Btw, can you give an example of module that admit a basis ?

Of course, any free module, if $A$ is a ring, then $A$ as an $A$-module has a basis, namely the identity of the ring. Or $A^n$ has a basis.

 

[cianfa72]

Of course, any free module, if $A$ is a ring, then $A$ as an $A$-module has a basis, namely the identity of the ring. Or $A^n$ has a basis.

Ah ok, you mean the set of $A$ elements viewed/understood as an $A$-module over itself (as ring).

Your example is similar to, say, the set $\mathbb R$ understood as affine space over $\mathbb R$ as translation vector space.

 

[mathwonk]

a module has a basis if and only if it is a free module. the module of smooth vector fields on a smooth manifold is only "locally free", not necessarily free, i.e. at least its restriction to each coordinate neighborhood is free. A basis would be given by a collection of vector fields whose vectors form a basis at each point, such as occurs for a 2- torus. The fact that the module of smooth vector fields on a 2-sphere is not free is implied by the fact that every smooth vector field on a sphere has a zero.

"Locally free" modules are also (at least if finitely generated over a noetherian ring) equivalent to "projective" modules algebraically, i.e. equivalent to being a direct summand of a free module. (Notice the module of vector fields tangent to a 2-sphere is a submodule of the restriction to the sphere of the free module of vector fields on all of R^3. I.e. we get a free module if we remove the requirement that the vectors should be tangent to the 2-sphere. It seems to me that this free module is the direct sum of the tangent vector fields and the normal vector fields, i.e. we can project each vector onto its normal and tangential components .) Thus they have some but not all properties of a free module; e.g. every surjective morphism to a projective module has a right inverse.
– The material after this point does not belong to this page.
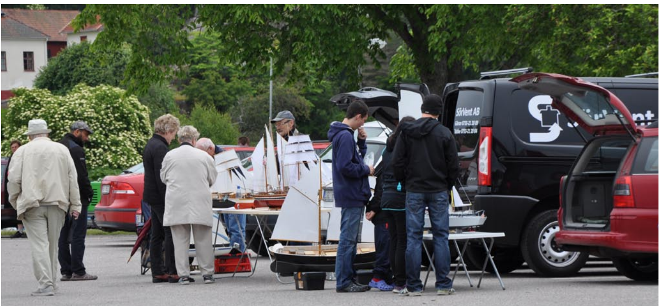
Här står vi och fryser och visar upp våra båtar. Trots vädret var det många intresserade som kom fram och tittade och frågade. Vinden gjorde sitt bästa för att välla ner båtarna från bordet, men det blev ingen incident. Puh!
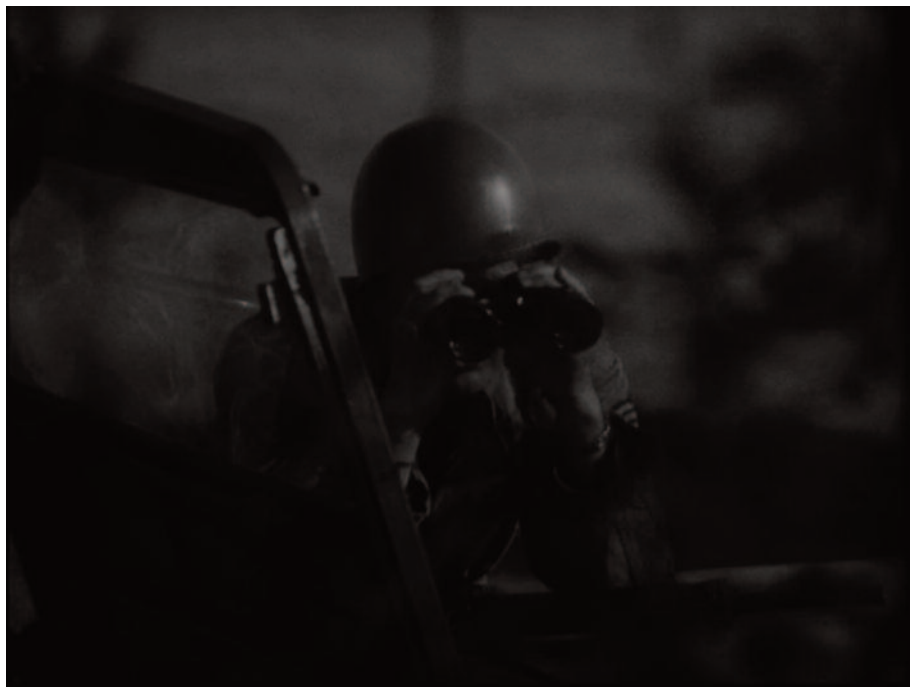
Fig. 16 – Lo sguardo al binocolo.

https://en.wikipedia.org/wiki/Projective_module

 

[cianfa72]

the module of smooth vector fields on a smooth manifold is only "locally free", not necessarily free, i.e. at least its restriction to each coordinate neighborhood is free. A basis would be given by a collection of vector fields whose vectors form a basis at each point, such as occurs for a 2- torus. The fact that the module of smooth vector fields on a 2-sphere is not free is implied by the fact that every smooth vector field on a sphere has a zero.

I believe the problem on the (smooth) 2-sphere is that if one insists to include a smooth vector field $X$ into a basis then, at the point it vanishes (say P), one is forced to include two other vector fields say $Y,Z$ which evaluated at P must give two linearly independent vectors $Y(p)$ and $Z(p)$.

By continuity in any open neighborhood of P (say $U$) any smooth vector field $W$ evaluated at a point $q \in U$ wouldn't have an unique representation by using $C^{\infty}$ functions evaluated at that point.